Folgende Personen gehörten der Jury an: Dr. Julius Stieber (Kulturdirektor der Stadt Linz), Direktorin Stella Rollig (Künstlerische Direktorin der städtischen Museen), Dr.in Katharina Blaas-Pratscher (Land NÖ, Leitung Kunst im öffentlichen Raum), Direktor Dr. Walter Schuster (Leiter Archiv der Stadt Linz), Dr.in Mag.a Brigitte Kepplinger ((Johannes Kepler Universität, Institut für Gesellschafts- und Sozialpolitik), Dr. Reiner Steinweg (Friedens- und Konfliktforscher, Friedensinitiative der Stadt Linz) und DI Harald Lueger (Abteilungsleiter Bebauungsplanung).

Künstler-Biografie
Karl-Heinz Klopf wurde in Linz geboren, absolvierte ein Studium an der Hochschule für künstlerische und industrielle Gestaltung Linz, lebt und arbeitet in Wien. In seiner künstlerischen Praxis beschäftigt er sich mit der gebauten Umwelt und urbanen Sphären. Er arbeitet mit verschiedenen Medien, wie Zeichnung, Film, Fotografie, Installation und Projekte im Kontext von Architektur und Urbanismus. 1982 gestaltete er in Zusammenarbeit mit Gerhard Knogler die vielen LinzerInnen bekannte Zigarettenschachtel-Skulptur neben der Tabakfabrik.
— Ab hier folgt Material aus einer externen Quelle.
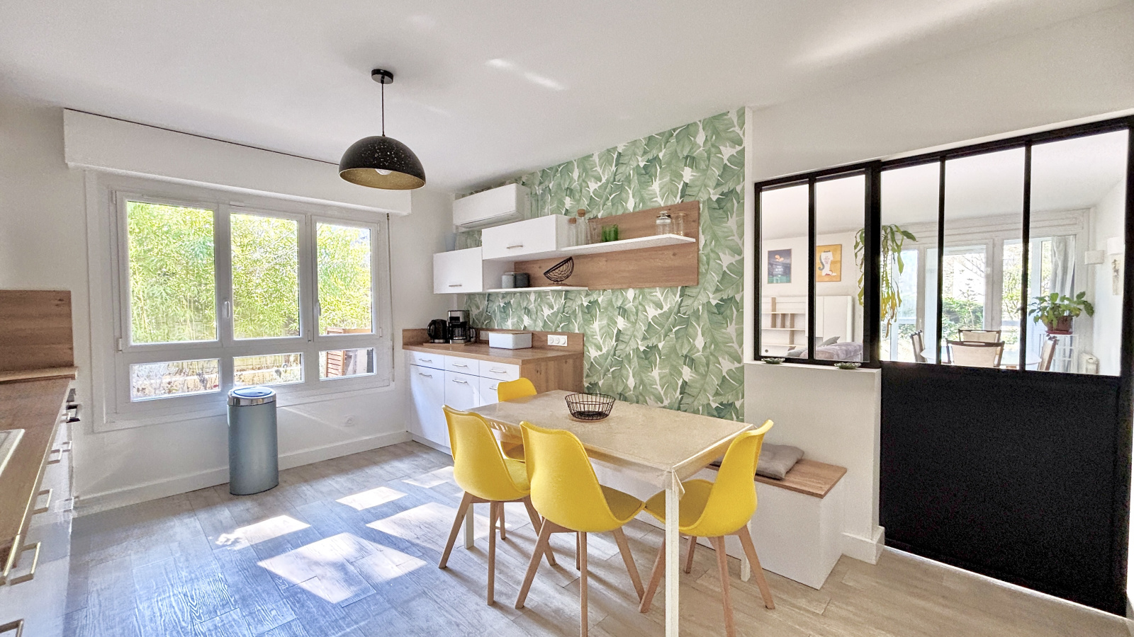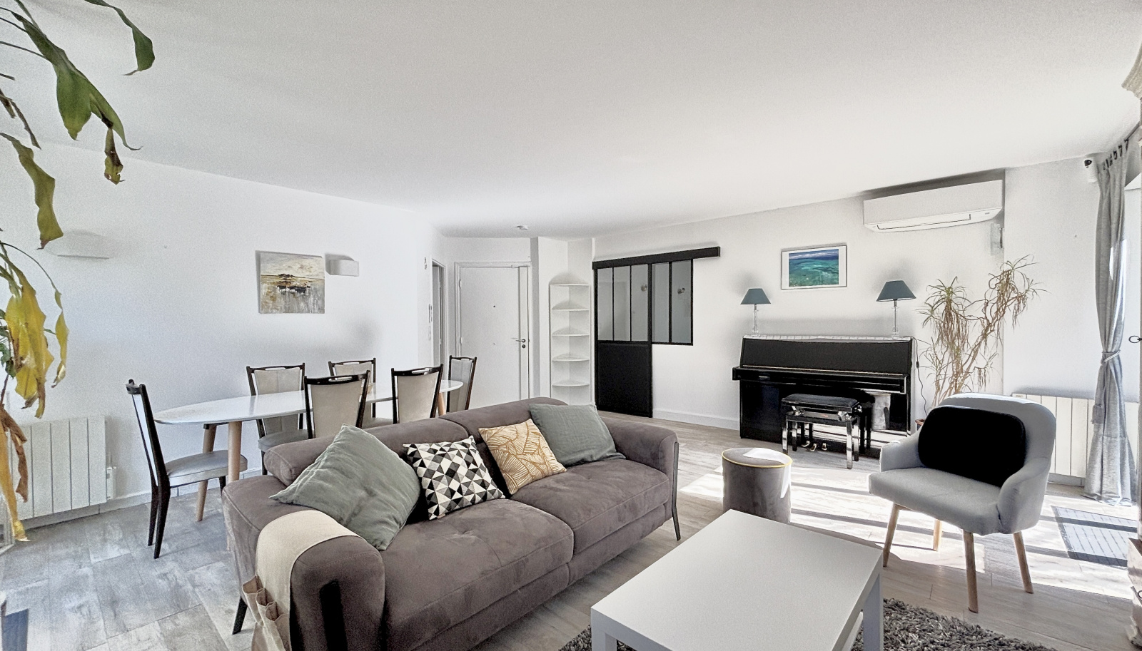 Idéalement situé au calme, au sein d'une résidence fermée de 1990, T6 de 127,28m2 partiellement climatisé composé d'une entrée avec placard donnant sur un bureau de 11,95m2 avec placards aménagés et buanderie équipée (lave-linge, sèche-linge) attenante, une cuisine de 15,40m2 entièrement équipée, un séjour de 32,97m2 ouvert sur un jardin de 200m2, une chambre de 9,7m2 avec salle d'eau et un WC.

Auszeichnungen: u.a. OÖ. Landeskulturpreis für Interdisziplinäre Kunstformen (2011), Preis für „They“ Diagonale – Festival des österreichischen Films (2011), Preis für „By Way of Display“ Medien und Architektur Biennale Graz (2003)
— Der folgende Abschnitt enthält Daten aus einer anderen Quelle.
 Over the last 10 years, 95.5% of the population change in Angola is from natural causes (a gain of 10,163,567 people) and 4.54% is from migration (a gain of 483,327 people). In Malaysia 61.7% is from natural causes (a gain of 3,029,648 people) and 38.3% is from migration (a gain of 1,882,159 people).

Einzel- und Gruppenausstellungen: u.a. Austrian Cultural Institute New York, MAK–Museum für angewandte Kunst, Secession Wien, Landesgalerie Linz, Liverpool Biennale 2010, OK–Centrum für Gegenwartskunst, 9. Internationale Istanbul Biennale, „Cities on the Move“ (Wien, Bordeaux, New York, London, Humblaebeck, Helsinki, Bangkok), LENTOS Linz

Arbeiten im öffentlichen Raum / Kunst am Bau: u.a. Bundesrealgymnasium Kufstein, Bezirkshauptmannschaft Rohrbach, Landesfrauenklinik Linz, Stadium Wals-Siezenheim Salzburg, Volksschule Engerwitzdorf, Platzgestaltung Hollabrunn, Tabakwerke Linz

30 Jahre Friedensstadt
Mit der Erklärung zur Friedensstadt im Jahr 1986 hat sich Linz zum Ziel gesetzt, das Friedensengagement der Menschen zu fördern und so einen aktiven Beitrag zur Erhaltung des Friedens – im Großen wie im Kleinen – zu leisten. Der Gemeinderat der Stadt Linz bekennt sich damit zur moralischen und politischen Verpflichtung, die Friedenssehnsucht und das Friedensengagement der Menschen dieser Stadt aufzugreifen und verstärkt zu einem Grundprinzip kommunalpolitischen Handelns zu machen. Mit zahlreichen Aktivitäten, wie etwa der jährlichen Friedenserklärung des Gemeinderates oder dem langjährigen ZeitzeugInnen-Programm „Es gärt!“ an Linzer Schulen, setzt die Stadt Linz dieses Bekenntnis um. Dialogbereitschaft, Respekt und die Wahrnehmung von Vielfalt als Chance sind Werte, welche die Grundlage für Frieden bilden. Um diese Werte auch der breiten Bevölkerung ins Bewusstsein zu rufen, sind sichtbare Zeichen im öffentlichen Raum wichtige Impulsgeber für den gesellschaftlichen Diskurs und eine persönliche Auseinandersetzung mit diesen Werten.